Required action
Where the line containing "40 साल पुराने" appears in the entries below, start there and print only that line and every line after it, exactly, through the end, excluding pictures.
*** Data section ***
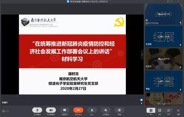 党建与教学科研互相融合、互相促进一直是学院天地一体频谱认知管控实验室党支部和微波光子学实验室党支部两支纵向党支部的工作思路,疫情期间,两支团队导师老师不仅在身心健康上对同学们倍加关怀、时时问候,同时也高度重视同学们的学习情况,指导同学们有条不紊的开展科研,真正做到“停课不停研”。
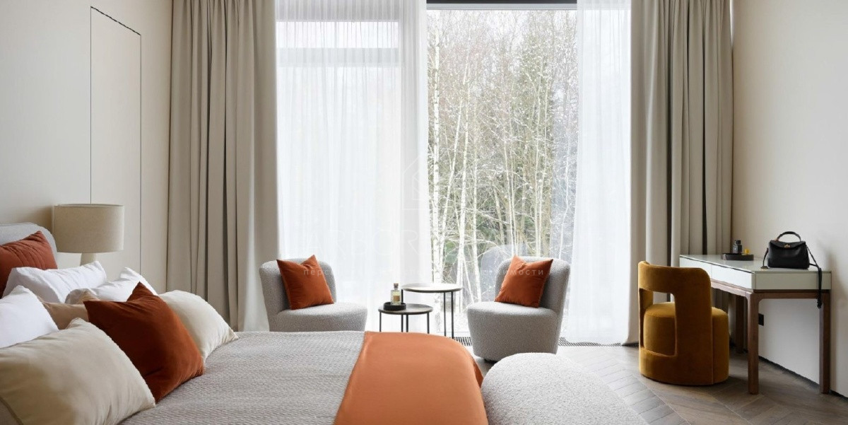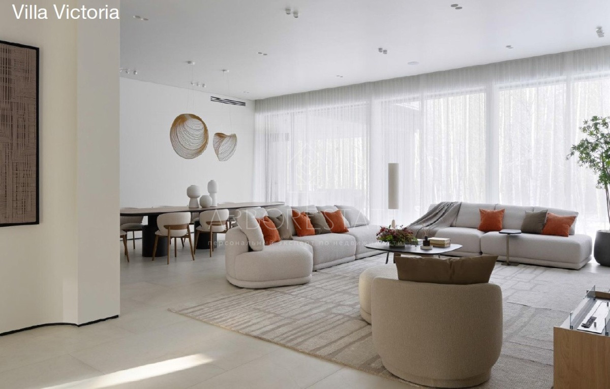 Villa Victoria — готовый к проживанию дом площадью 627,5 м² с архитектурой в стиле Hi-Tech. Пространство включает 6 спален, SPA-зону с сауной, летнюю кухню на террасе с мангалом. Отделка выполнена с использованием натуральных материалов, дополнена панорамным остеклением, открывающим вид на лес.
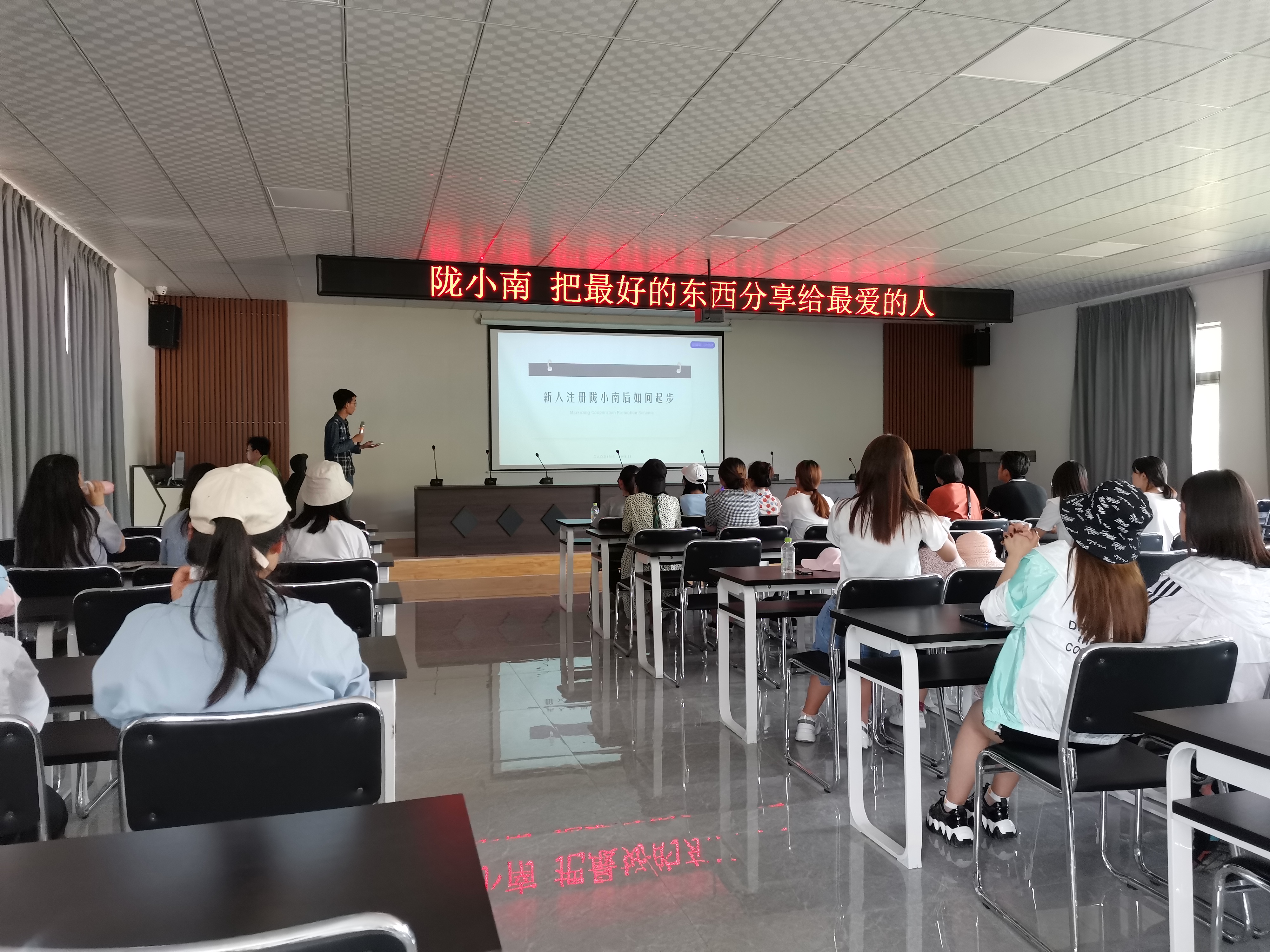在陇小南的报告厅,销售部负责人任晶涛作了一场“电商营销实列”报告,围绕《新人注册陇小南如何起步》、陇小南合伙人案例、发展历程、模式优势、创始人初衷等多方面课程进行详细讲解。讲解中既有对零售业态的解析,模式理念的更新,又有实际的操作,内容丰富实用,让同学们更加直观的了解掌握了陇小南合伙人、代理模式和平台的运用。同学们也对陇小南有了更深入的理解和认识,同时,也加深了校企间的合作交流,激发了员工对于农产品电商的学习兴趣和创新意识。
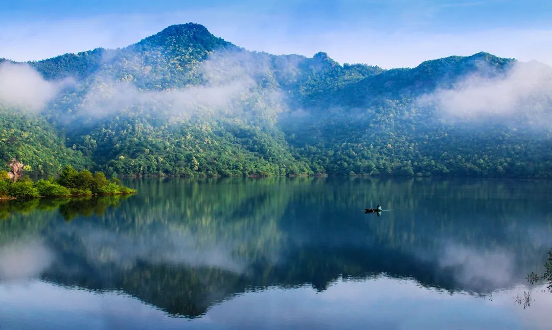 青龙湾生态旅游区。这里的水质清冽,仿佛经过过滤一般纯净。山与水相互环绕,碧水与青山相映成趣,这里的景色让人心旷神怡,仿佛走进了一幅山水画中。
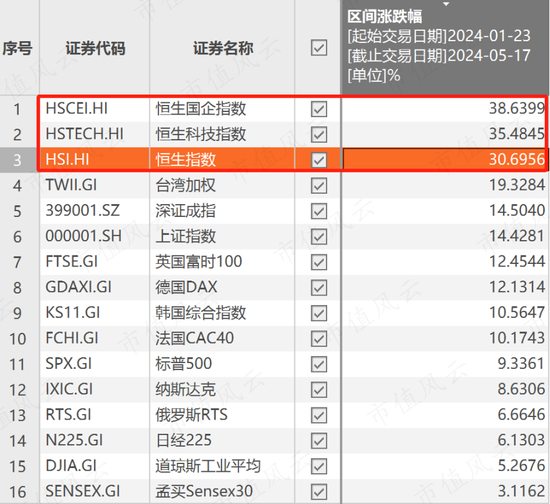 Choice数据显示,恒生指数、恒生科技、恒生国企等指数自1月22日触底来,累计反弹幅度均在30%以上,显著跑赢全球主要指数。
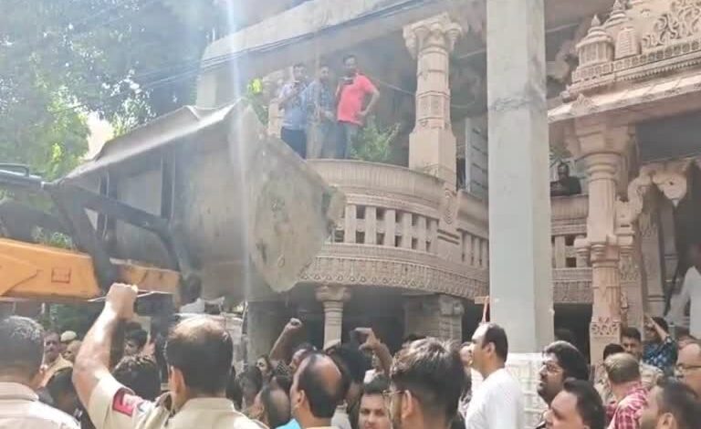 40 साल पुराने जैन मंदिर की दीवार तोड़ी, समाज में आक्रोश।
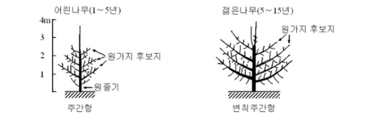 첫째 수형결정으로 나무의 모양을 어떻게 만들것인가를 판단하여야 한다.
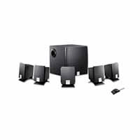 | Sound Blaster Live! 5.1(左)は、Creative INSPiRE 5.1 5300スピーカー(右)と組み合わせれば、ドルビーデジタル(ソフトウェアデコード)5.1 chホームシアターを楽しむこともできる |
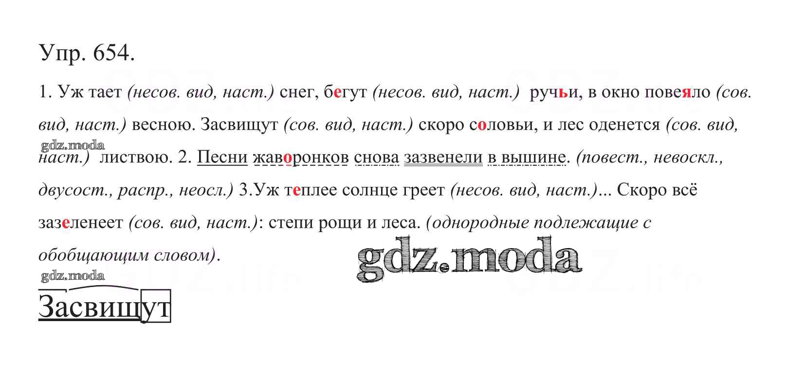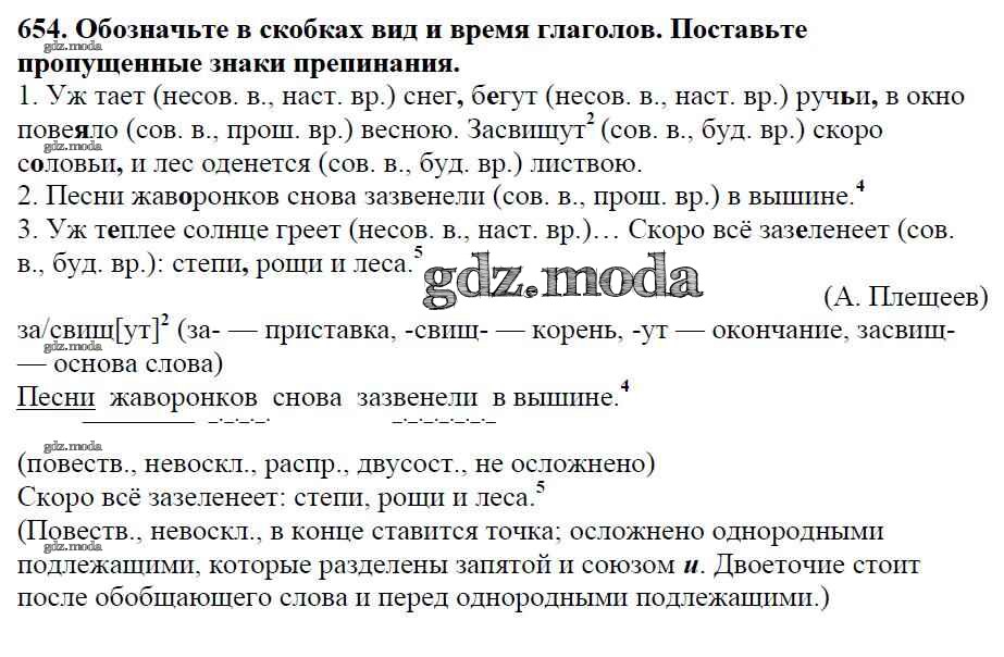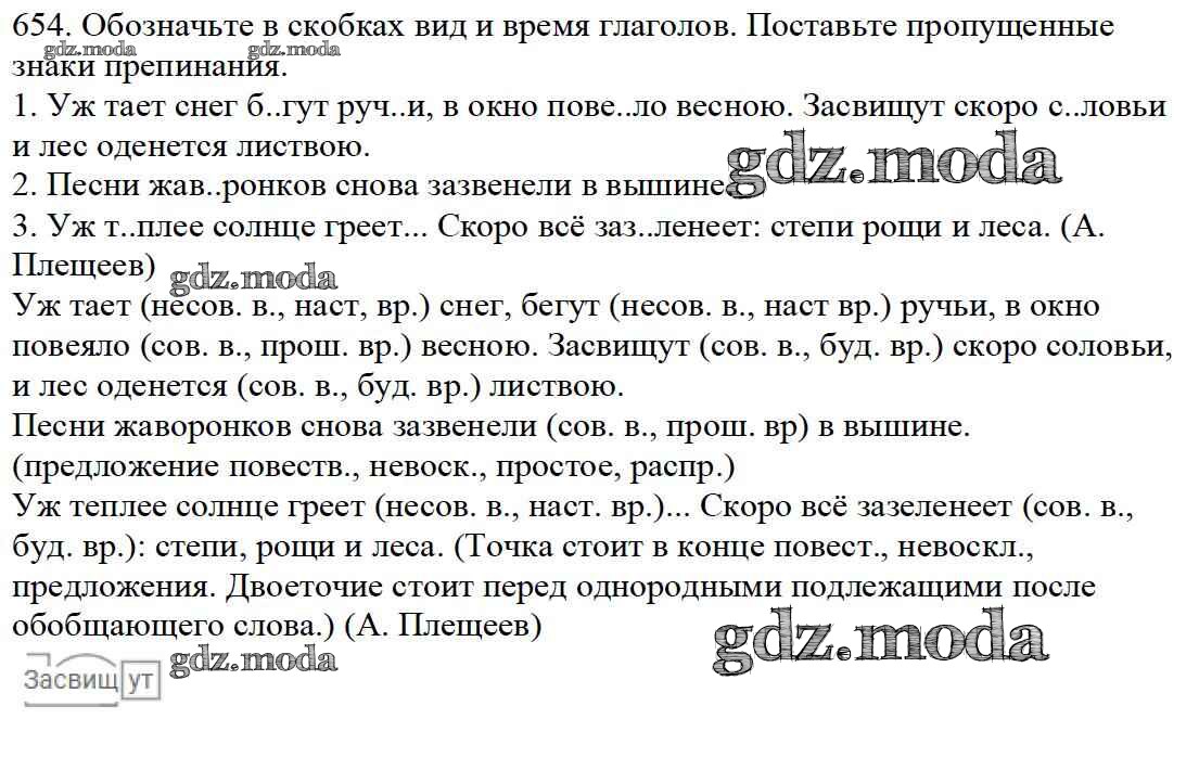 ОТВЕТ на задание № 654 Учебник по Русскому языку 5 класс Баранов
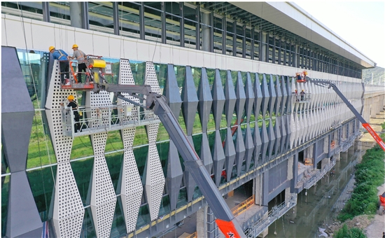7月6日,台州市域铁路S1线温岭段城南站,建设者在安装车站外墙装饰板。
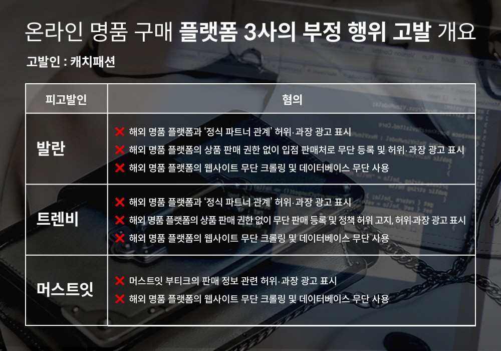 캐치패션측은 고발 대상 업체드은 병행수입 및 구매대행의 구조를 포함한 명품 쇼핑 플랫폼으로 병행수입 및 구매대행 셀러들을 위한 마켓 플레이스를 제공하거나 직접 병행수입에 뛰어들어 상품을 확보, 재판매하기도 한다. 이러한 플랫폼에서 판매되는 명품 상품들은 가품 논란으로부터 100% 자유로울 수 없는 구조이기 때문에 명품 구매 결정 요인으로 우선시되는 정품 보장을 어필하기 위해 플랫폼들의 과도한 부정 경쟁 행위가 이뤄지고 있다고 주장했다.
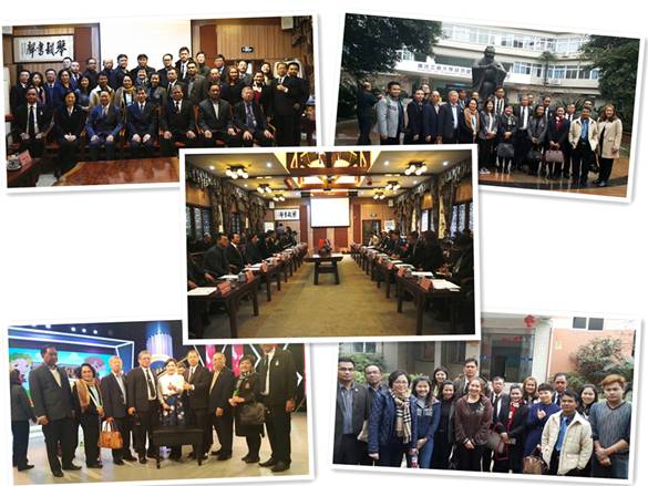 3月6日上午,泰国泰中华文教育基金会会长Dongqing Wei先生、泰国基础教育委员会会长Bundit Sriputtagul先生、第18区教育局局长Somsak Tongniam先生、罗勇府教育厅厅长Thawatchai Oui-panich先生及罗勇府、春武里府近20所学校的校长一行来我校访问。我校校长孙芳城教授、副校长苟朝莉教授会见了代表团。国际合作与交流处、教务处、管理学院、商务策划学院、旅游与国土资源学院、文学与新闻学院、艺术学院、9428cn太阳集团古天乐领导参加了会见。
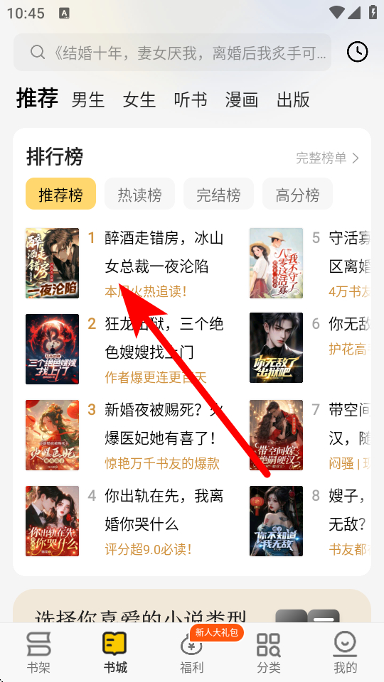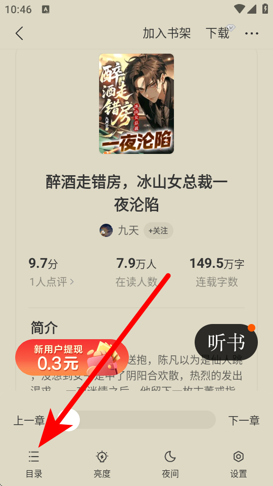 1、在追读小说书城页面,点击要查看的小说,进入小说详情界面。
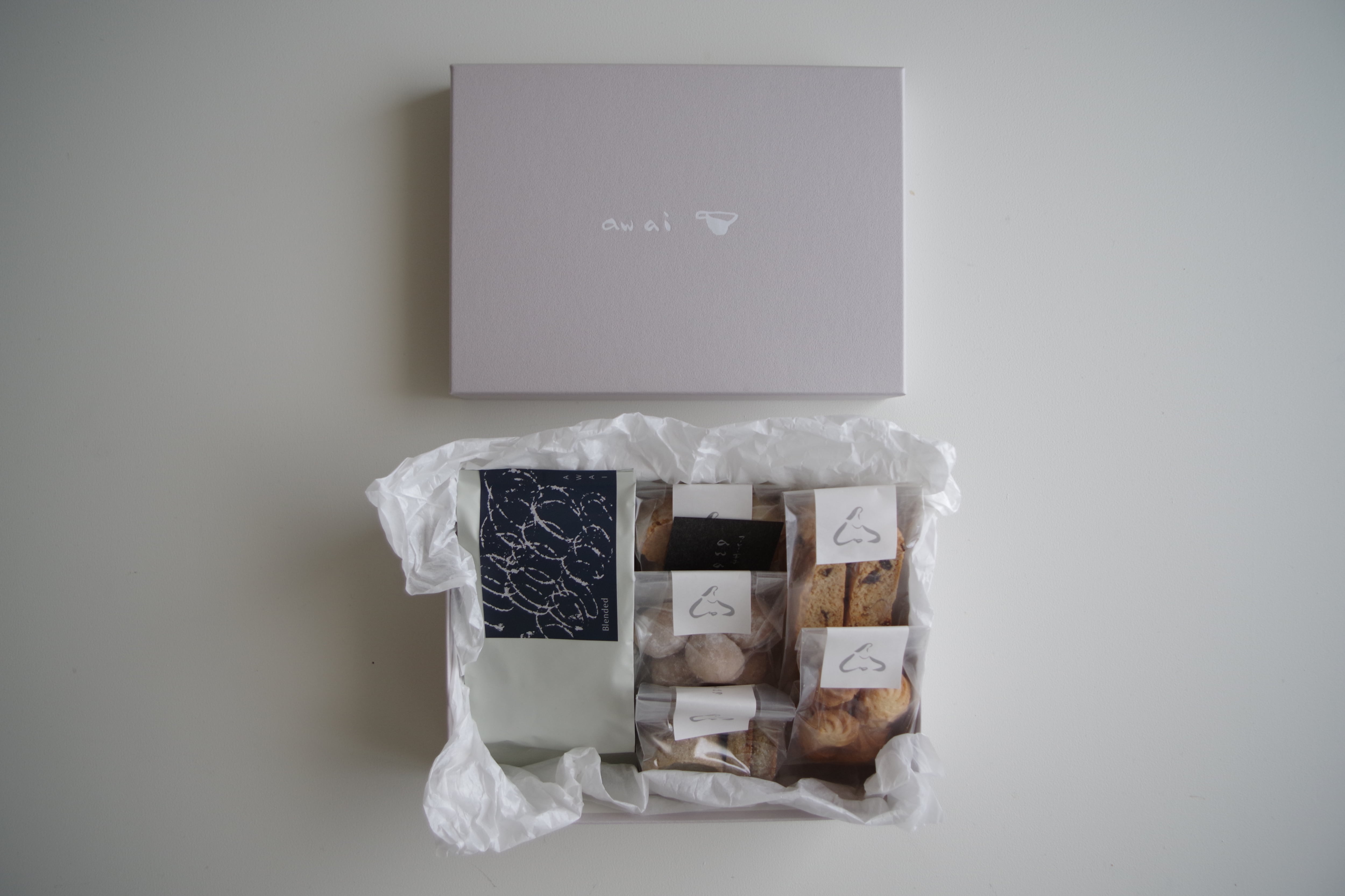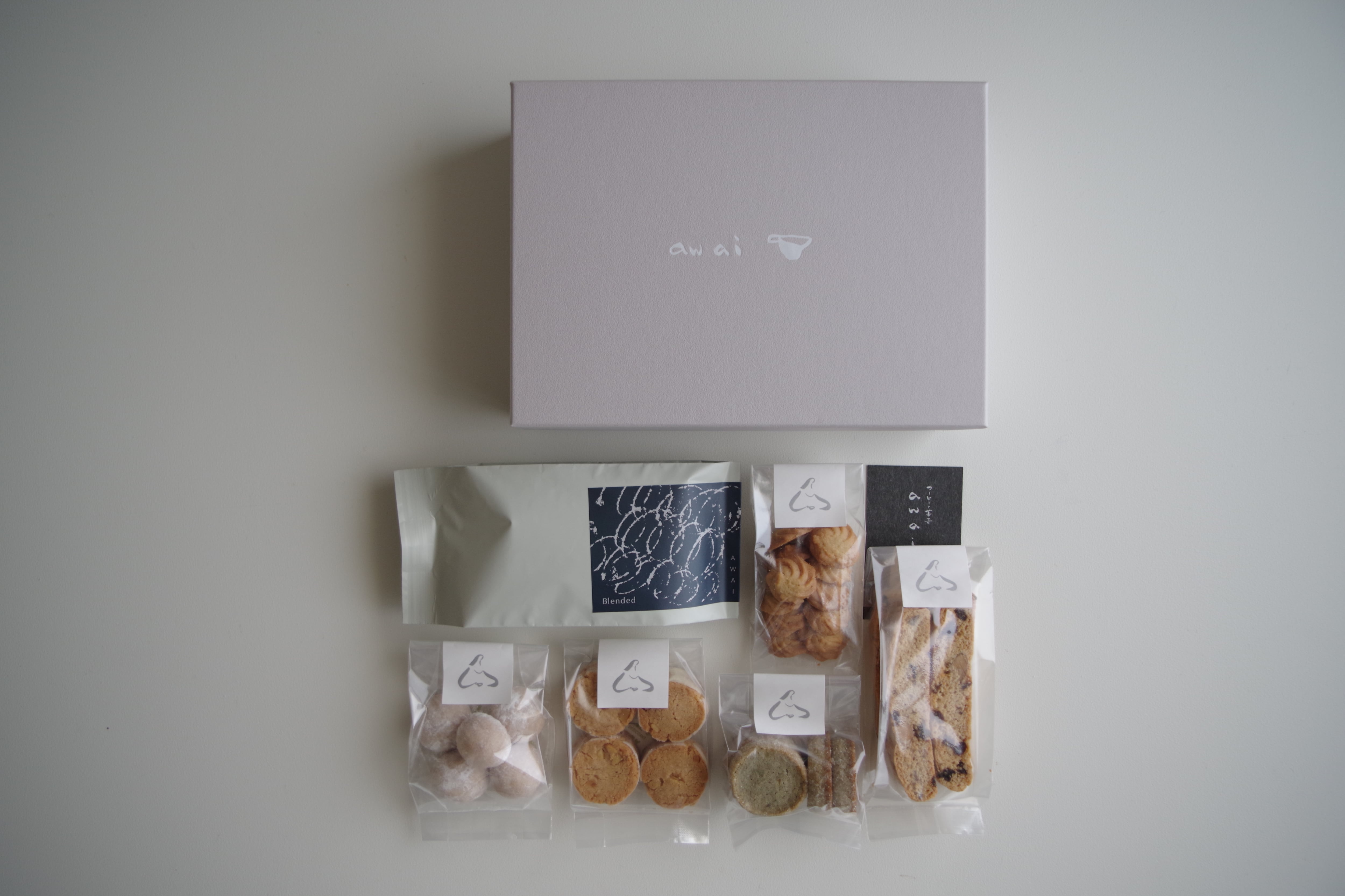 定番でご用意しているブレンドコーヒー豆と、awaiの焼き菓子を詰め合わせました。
***
Result below
 40 साल पुराने जैन मंदिर की दीवार तोड़ी, समाज में आक्रोश।
 첫째 수형결정으로 나무의 모양을 어떻게 만들것인가를 판단하여야 한다.
 | Sound Blaster Live! 5.1(左)は、Creative INSPiRE 5.1 5300スピーカー(右)と組み合わせれば、ドルビーデジタル(ソフトウェアデコード)5.1 chホームシアターを楽しむこともできる |
 ОТВЕТ на задание № 654 Учебник по Русскому языку 5 класс Баранов
7月6日,台州市域铁路S1线温岭段城南站,建设者在安装车站外墙装饰板。
 캐치패션측은 고발 대상 업체드은 병행수입 및 구매대행의 구조를 포함한 명품 쇼핑 플랫폼으로 병행수입 및 구매대행 셀러들을 위한 마켓 플레이스를 제공하거나 직접 병행수입에 뛰어들어 상품을 확보, 재판매하기도 한다. 이러한 플랫폼에서 판매되는 명품 상품들은 가품 논란으로부터 100% 자유로울 수 없는 구조이기 때문에 명품 구매 결정 요인으로 우선시되는 정품 보장을 어필하기 위해 플랫폼들의 과도한 부정 경쟁 행위가 이뤄지고 있다고 주장했다.
 3月6日上午,泰国泰中华文教育基金会会长Dongqing Wei先生、泰国基础教育委员会会长Bundit Sriputtagul先生、第18区教育局局长Somsak Tongniam先生、罗勇府教育厅厅长Thawatchai Oui-panich先生及罗勇府、春武里府近20所学校的校长一行来我校访问。我校校长孙芳城教授、副校长苟朝莉教授会见了代表团。国际合作与交流处、教务处、管理学院、商务策划学院、旅游与国土资源学院、文学与新闻学院、艺术学院、9428cn太阳集团古天乐领导参加了会见。
 1、在追读小说书城页面,点击要查看的小说,进入小说详情界面。
 定番でご用意しているブレンドコーヒー豆と、awaiの焼き菓子を詰め合わせました。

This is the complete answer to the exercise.